# Task brief:
Below are records to retype exactly, except for the pictures.

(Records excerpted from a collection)
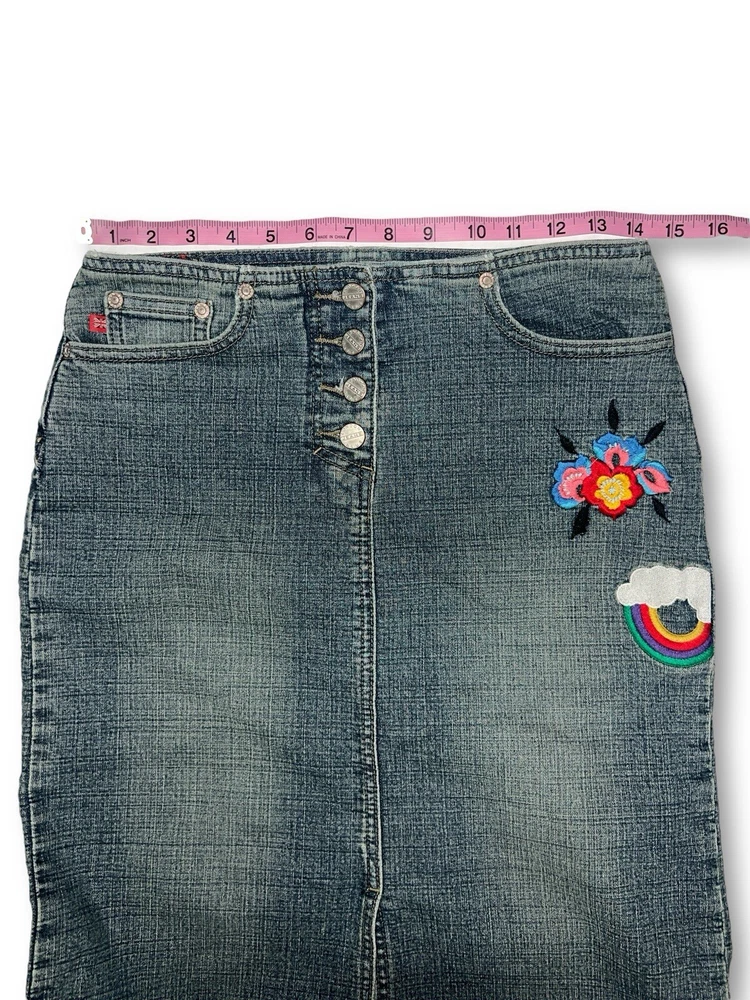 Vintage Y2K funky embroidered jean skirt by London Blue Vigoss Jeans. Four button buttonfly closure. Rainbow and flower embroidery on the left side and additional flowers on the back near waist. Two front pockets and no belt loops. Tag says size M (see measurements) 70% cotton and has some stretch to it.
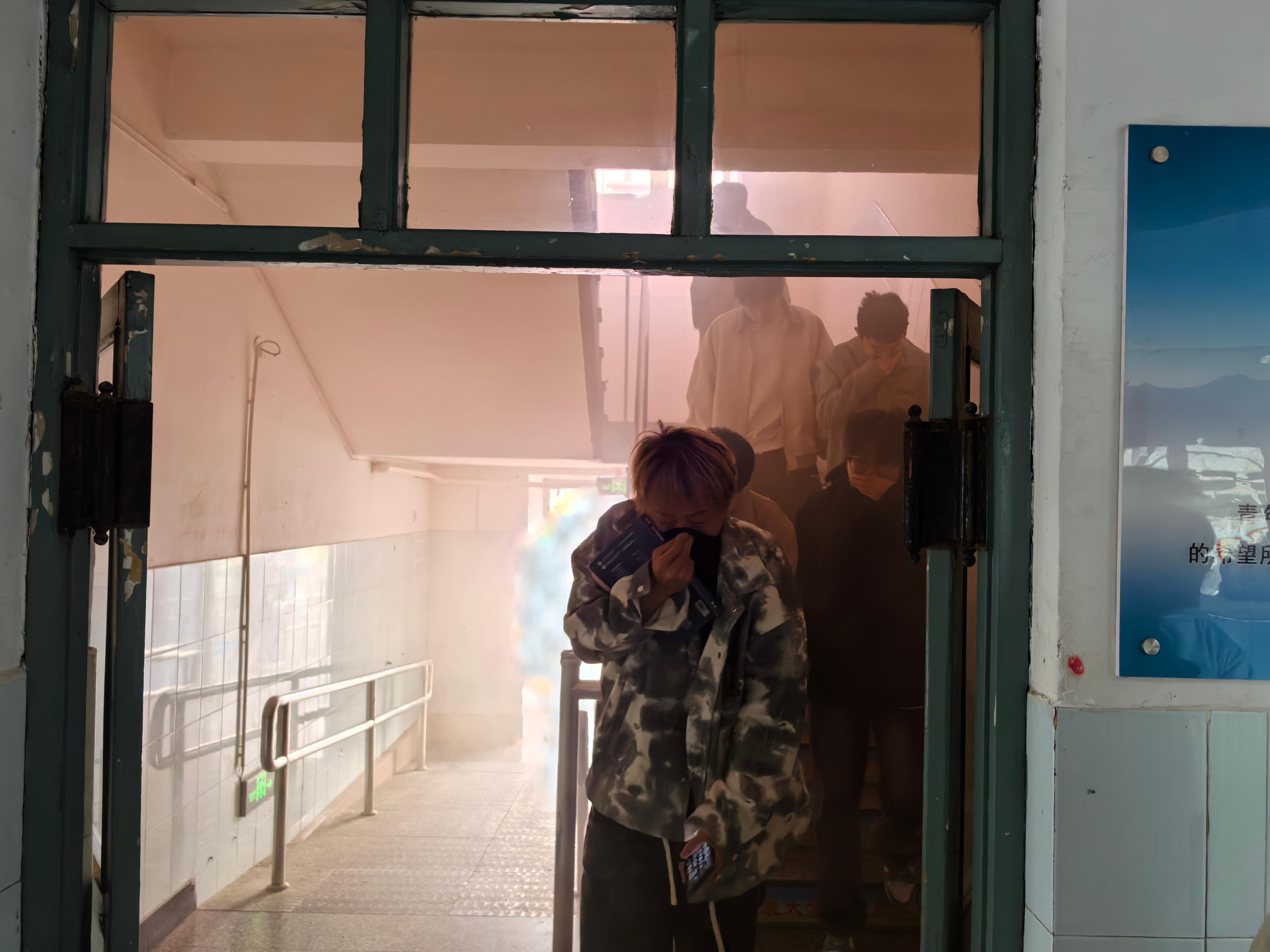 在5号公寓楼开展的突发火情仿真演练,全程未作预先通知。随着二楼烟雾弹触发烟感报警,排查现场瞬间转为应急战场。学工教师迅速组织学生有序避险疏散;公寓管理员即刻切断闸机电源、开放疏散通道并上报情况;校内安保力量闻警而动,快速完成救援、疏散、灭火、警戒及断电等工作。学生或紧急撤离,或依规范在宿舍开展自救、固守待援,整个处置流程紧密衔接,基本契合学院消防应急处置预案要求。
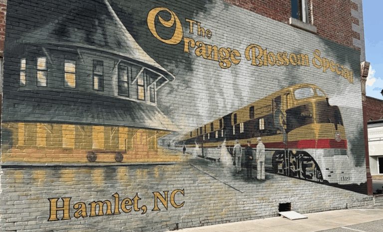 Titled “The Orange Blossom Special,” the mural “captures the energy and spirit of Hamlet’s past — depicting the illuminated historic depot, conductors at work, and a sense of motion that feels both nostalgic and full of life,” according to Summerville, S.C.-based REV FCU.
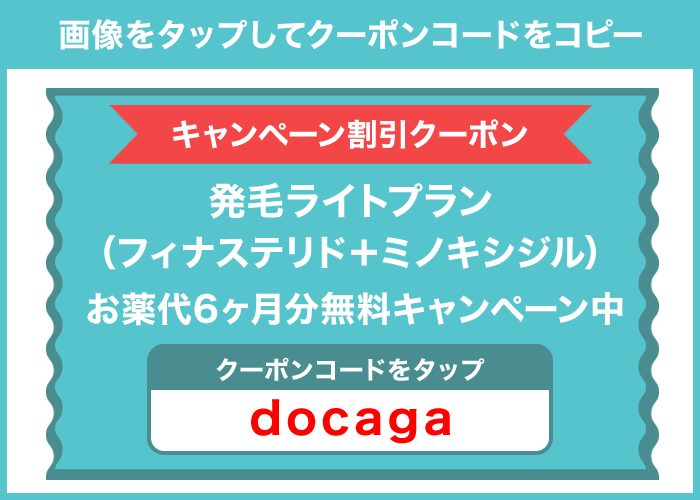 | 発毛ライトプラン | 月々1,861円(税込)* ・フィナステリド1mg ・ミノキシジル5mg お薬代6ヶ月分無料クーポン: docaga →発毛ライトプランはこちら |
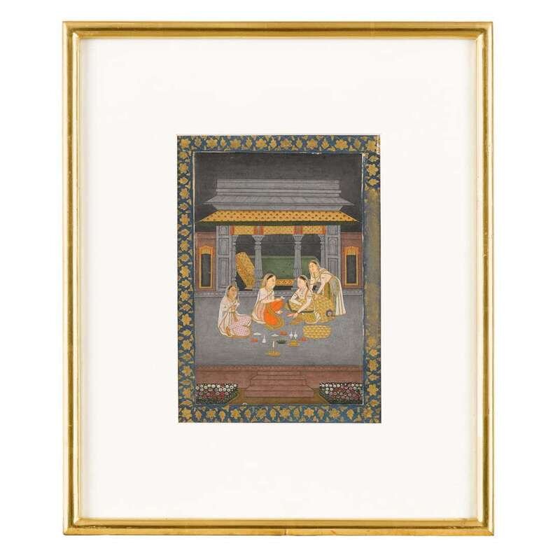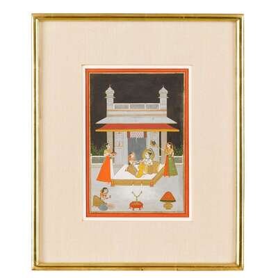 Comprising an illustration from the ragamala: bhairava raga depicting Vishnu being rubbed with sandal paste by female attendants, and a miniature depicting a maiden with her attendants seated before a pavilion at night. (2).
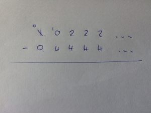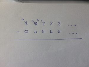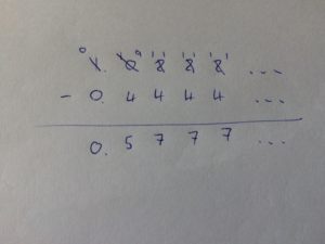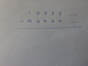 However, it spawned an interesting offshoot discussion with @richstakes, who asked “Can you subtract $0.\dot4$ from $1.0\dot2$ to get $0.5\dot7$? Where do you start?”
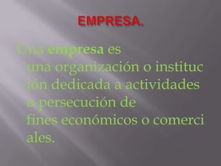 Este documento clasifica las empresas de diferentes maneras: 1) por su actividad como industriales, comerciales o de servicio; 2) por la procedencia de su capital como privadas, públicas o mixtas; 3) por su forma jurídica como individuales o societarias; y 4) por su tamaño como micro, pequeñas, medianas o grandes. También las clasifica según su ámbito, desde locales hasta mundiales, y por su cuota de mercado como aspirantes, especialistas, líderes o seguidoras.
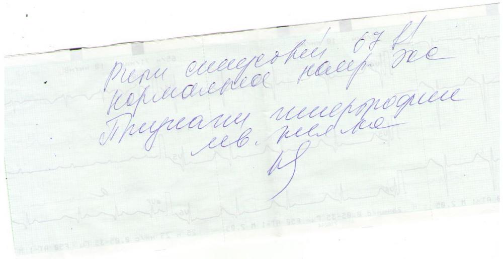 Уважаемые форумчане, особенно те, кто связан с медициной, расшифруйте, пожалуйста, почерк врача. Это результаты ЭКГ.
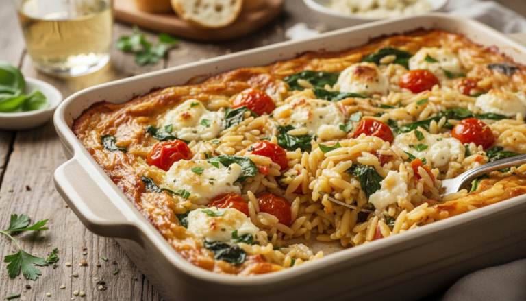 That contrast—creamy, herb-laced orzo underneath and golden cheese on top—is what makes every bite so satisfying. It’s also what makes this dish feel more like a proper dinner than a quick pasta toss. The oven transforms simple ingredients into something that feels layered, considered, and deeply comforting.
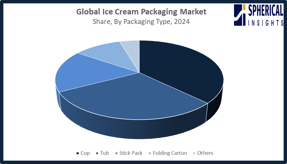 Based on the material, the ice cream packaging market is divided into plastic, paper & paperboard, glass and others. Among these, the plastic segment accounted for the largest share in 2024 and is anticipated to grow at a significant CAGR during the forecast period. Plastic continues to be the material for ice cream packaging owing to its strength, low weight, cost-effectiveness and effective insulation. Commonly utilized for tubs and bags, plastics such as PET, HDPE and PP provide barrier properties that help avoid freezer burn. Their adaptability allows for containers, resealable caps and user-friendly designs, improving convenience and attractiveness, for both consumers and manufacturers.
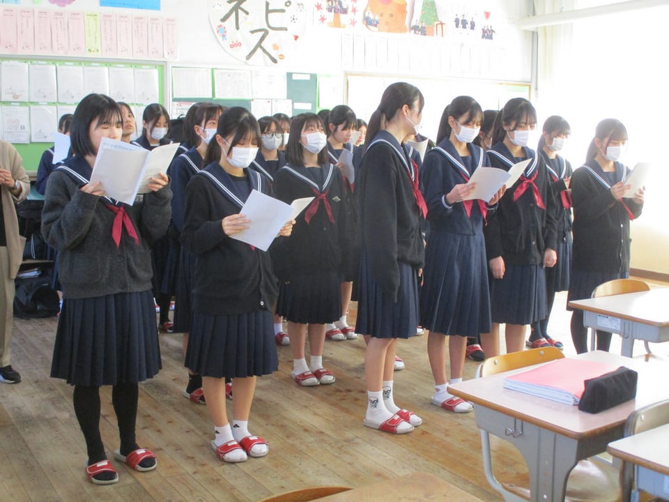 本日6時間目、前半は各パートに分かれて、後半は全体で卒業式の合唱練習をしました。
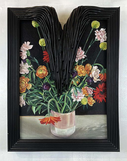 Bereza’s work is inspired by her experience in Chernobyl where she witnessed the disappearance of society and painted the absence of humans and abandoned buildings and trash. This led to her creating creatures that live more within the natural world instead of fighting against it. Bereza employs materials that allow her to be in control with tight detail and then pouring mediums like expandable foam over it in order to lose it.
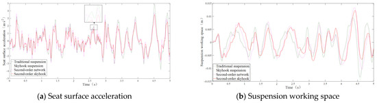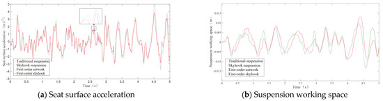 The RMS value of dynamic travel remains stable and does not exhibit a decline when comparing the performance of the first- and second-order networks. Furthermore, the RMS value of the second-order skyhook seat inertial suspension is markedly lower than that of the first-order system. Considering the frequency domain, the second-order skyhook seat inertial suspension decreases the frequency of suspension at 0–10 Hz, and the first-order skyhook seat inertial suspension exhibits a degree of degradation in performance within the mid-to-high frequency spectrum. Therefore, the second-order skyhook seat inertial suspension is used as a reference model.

# Output:
 Vintage Y2K funky embroidered jean skirt by London Blue Vigoss Jeans. Four button buttonfly closure. Rainbow and flower embroidery on the left side and additional flowers on the back near waist. Two front pockets and no belt loops. Tag says size M (see measurements) 70% cotton and has some stretch to it.
 在5号公寓楼开展的突发火情仿真演练,全程未作预先通知。随着二楼烟雾弹触发烟感报警,排查现场瞬间转为应急战场。学工教师迅速组织学生有序避险疏散;公寓管理员即刻切断闸机电源、开放疏散通道并上报情况;校内安保力量闻警而动,快速完成救援、疏散、灭火、警戒及断电等工作。学生或紧急撤离,或依规范在宿舍开展自救、固守待援,整个处置流程紧密衔接,基本契合学院消防应急处置预案要求。
 Titled “The Orange Blossom Special,” the mural “captures the energy and spirit of Hamlet’s past — depicting the illuminated historic depot, conductors at work, and a sense of motion that feels both nostalgic and full of life,” according to Summerville, S.C.-based REV FCU.
 | 発毛ライトプラン | 月々1,861円(税込)* ・フィナステリド1mg ・ミノキシジル5mg お薬代6ヶ月分無料クーポン: docaga →発毛ライトプランはこちら |
 Comprising an illustration from the ragamala: bhairava raga depicting Vishnu being rubbed with sandal paste by female attendants, and a miniature depicting a maiden with her attendants seated before a pavilion at night. (2).
 However, it spawned an interesting offshoot discussion with @richstakes, who asked “Can you subtract $0.\dot4$ from $1.0\dot2$ to get $0.5\dot7$? Where do you start?”
 Este documento clasifica las empresas de diferentes maneras: 1) por su actividad como industriales, comerciales o de servicio; 2) por la procedencia de su capital como privadas, públicas o mixtas; 3) por su forma jurídica como individuales o societarias; y 4) por su tamaño como micro, pequeñas, medianas o grandes. También las clasifica según su ámbito, desde locales hasta mundiales, y por su cuota de mercado como aspirantes, especialistas, líderes o seguidoras.
 Уважаемые форумчане, особенно те, кто связан с медициной, расшифруйте, пожалуйста, почерк врача. Это результаты ЭКГ.
 That contrast—creamy, herb-laced orzo underneath and golden cheese on top—is what makes every bite so satisfying. It’s also what makes this dish feel more like a proper dinner than a quick pasta toss. The oven transforms simple ingredients into something that feels layered, considered, and deeply comforting.
 Based on the material, the ice cream packaging market is divided into plastic, paper & paperboard, glass and others. Among these, the plastic segment accounted for the largest share in 2024 and is anticipated to grow at a significant CAGR during the forecast period. Plastic continues to be the material for ice cream packaging owing to its strength, low weight, cost-effectiveness and effective insulation. Commonly utilized for tubs and bags, plastics such as PET, HDPE and PP provide barrier properties that help avoid freezer burn. Their adaptability allows for containers, resealable caps and user-friendly designs, improving convenience and attractiveness, for both consumers and manufacturers.
 本日6時間目、前半は各パートに分かれて、後半は全体で卒業式の合唱練習をしました。
 Bereza’s work is inspired by her experience in Chernobyl where she witnessed the disappearance of society and painted the absence of humans and abandoned buildings and trash. This led to her creating creatures that live more within the natural world instead of fighting against it. Bereza employs materials that allow her to be in control with tight detail and then pouring mediums like expandable foam over it in order to lose it.
 The RMS value of dynamic travel remains stable and does not exhibit a decline when comparing the performance of the first- and second-order networks. Furthermore, the RMS value of the second-order skyhook seat inertial suspension is markedly lower than that of the first-order system. Considering the frequency domain, the second-order skyhook seat inertial suspension decreases the frequency of suspension at 0–10 Hz, and the first-order skyhook seat inertial suspension exhibits a degree of degradation in performance within the mid-to-high frequency spectrum. Therefore, the second-order skyhook seat inertial suspension is used as a reference model.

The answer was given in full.